Job Description
Scope/What’s Driving the Need: Client has developed a prototype over the last few months for a new QMS and they are leveraging heavy AI and automation tools. One of our current consultants is leaving, but this isn’t technically a backfill for that profile, since they are in a different spot now current state than they were 4 months ago when our contractor began.
Contractor Skills & Experience
Advanced Education & Industry Experience
Master’s degree in a quantitative field with 7–10+ years of hands‑on experience applying AI/ML to medical device manufacturing, quality, and post‑market data with demonstrated, measurable impact.
- Agentic AI for Manufacturing Intelligence (Core Focus)
- Deep expertise designing and deploying agentic AI systems that autonomously reason across manufacturing, quality, and post‑market datasets, execute multi‑step analysis, self‑correct, and drive decisions with minimal human intervention.
- Production LLM Expertise (Claude‑Based)
- Proven, production‑grade experience using Claude LLMs (Claude 3.5+) for regulated use cases, including prompt orchestration, tool calling, structured output generation, guardrails, and audit‑ready logging.
- Unstructured → Structured Manufacturing Data Transformation
- Strong expertise converting unstructured medical device data (complaints, CAPAs, investigation reports, service notes, operator logs, SOPs, PDFs, emails) into structured, schema‑aligned datasets suitable for analytics, modeling, and regulatory review.
- AI‑Driven Quality & Failure Data Extraction
- Experience building AI pipelines for entity extraction, event classification, failure mode normalization, trend tagging, risk categorization, and summarization aligned to manufacturing and quality taxonomies.
- Core ML & Statistical Analysis for Manufacturing
- Strong foundation in predictive modeling, clustering, time‑series analysis, anomaly detection, and statistical inference applied to process parameters, yield, defects, equipment signals, and failure trends.

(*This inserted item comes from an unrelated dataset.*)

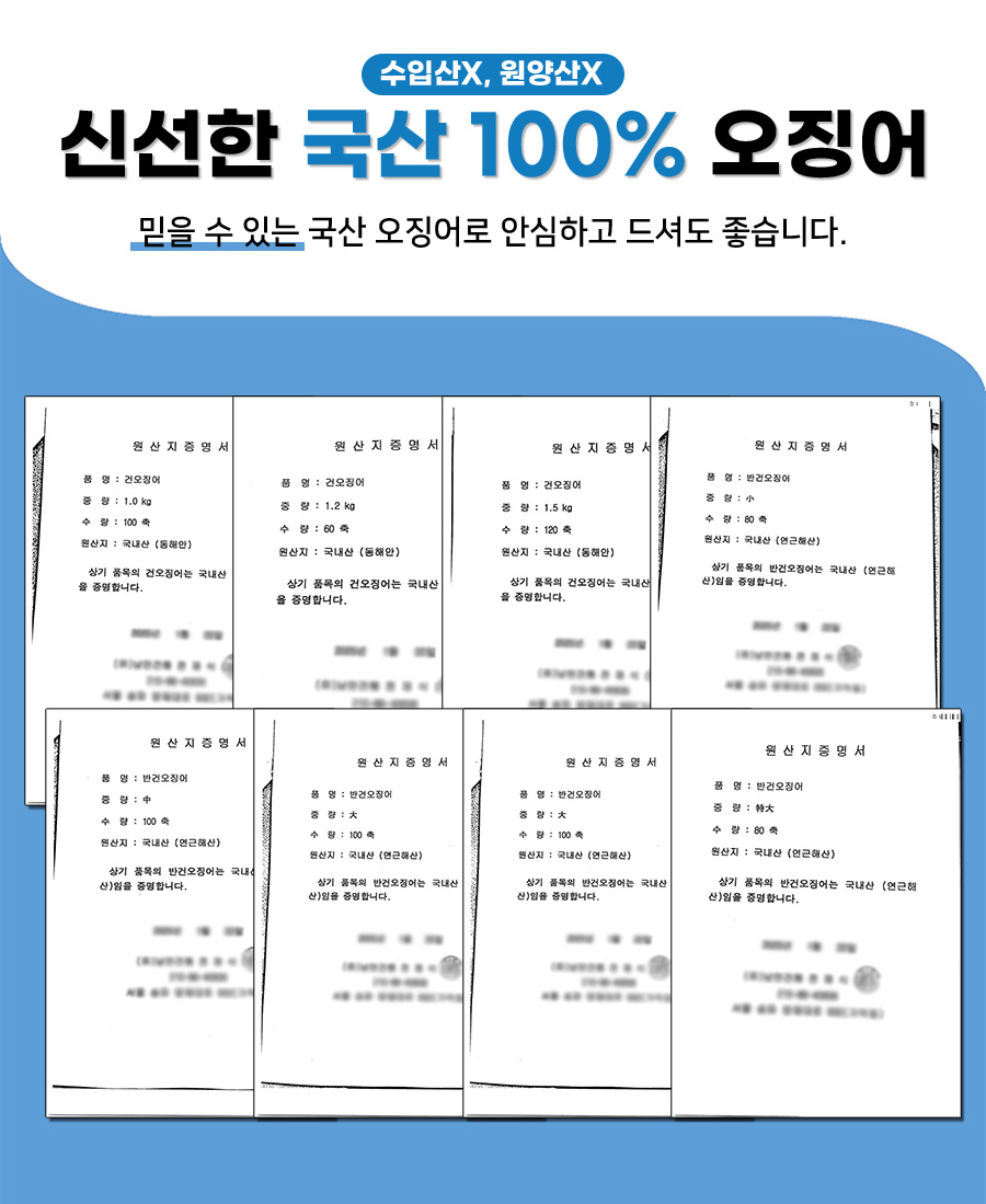 정성껏 손질 된 국내산 오징어는 딱딱하거나 질기지 않은 부드러운 오징어입니다.
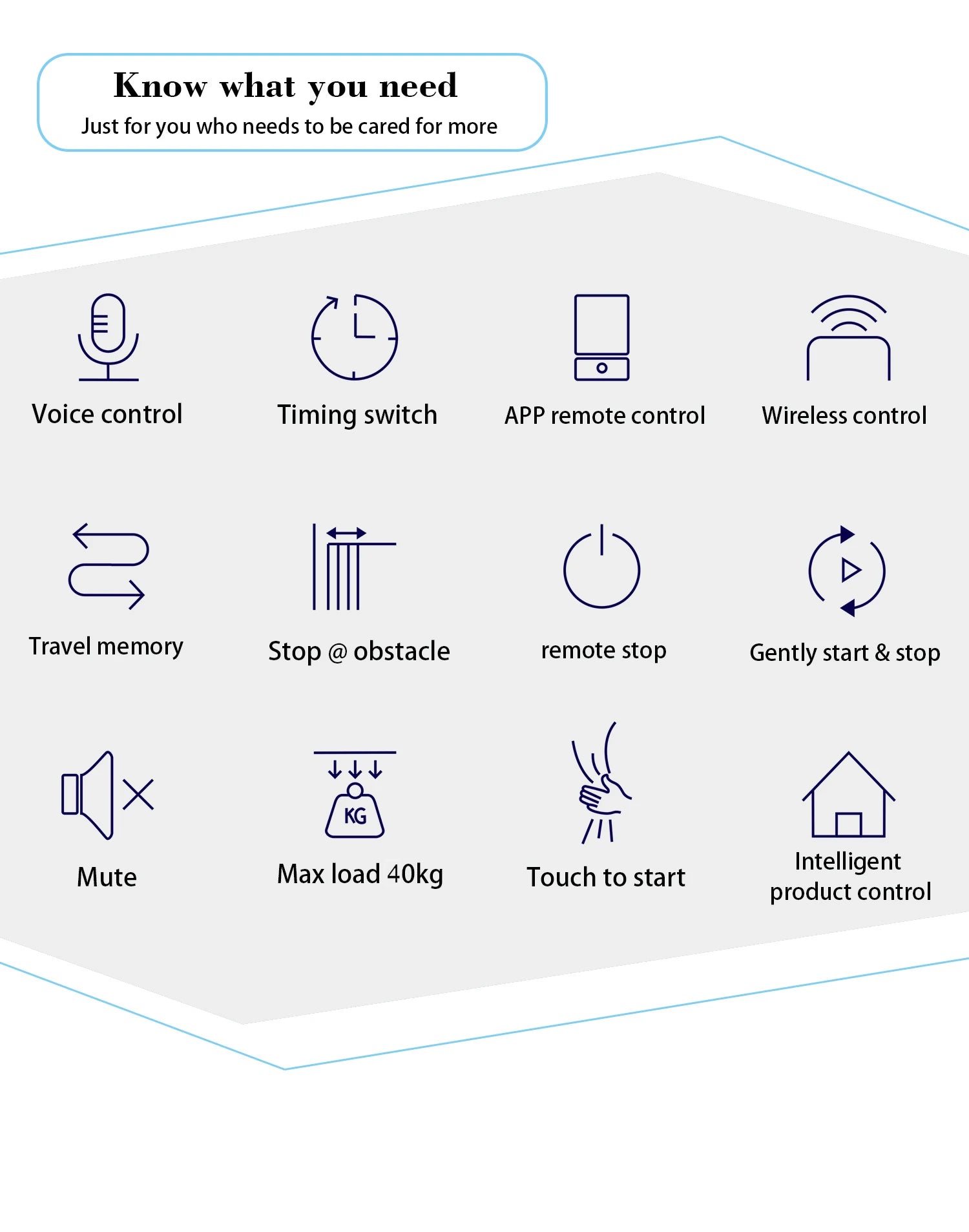 This intelligent home automation motor control support remote control too, it is easy operation, good for kids and elderly person.

- Manufacturing Data Platforms & Engineering
- Advanced proficiency with Databricks (Spark, SQL, Delta Lake), Python, and SQL to ingest, structure, and analyze large‑scale manufacturing, quality, and post‑market datasets across millions of records.
- Quality, CAPA & Root Cause Analytics
- Demonstrated ability to correlate defects, NCRs, CAPAs, complaints, and service events with upstream manufacturing signals and process changes using data‑driven root cause methodologies.
- Enterprise & Regulated Systems (SAP‑Centric)
- Hands‑on experience extracting and analyzing data from SAP Tahiti, Salesforce, TrackWise and QMS data while maintaining data integrity, traceability, and compliance in regulated environments.
- Outcome‑Driven Delivery in FDA‑Regulated Contexts
- Track record of deploying AI systems that reduce investigation cycle time, improve defect detection, automate failure analysis, and deliver clear, defensible insights for manufacturing, quality, regulatory, and leadership teams.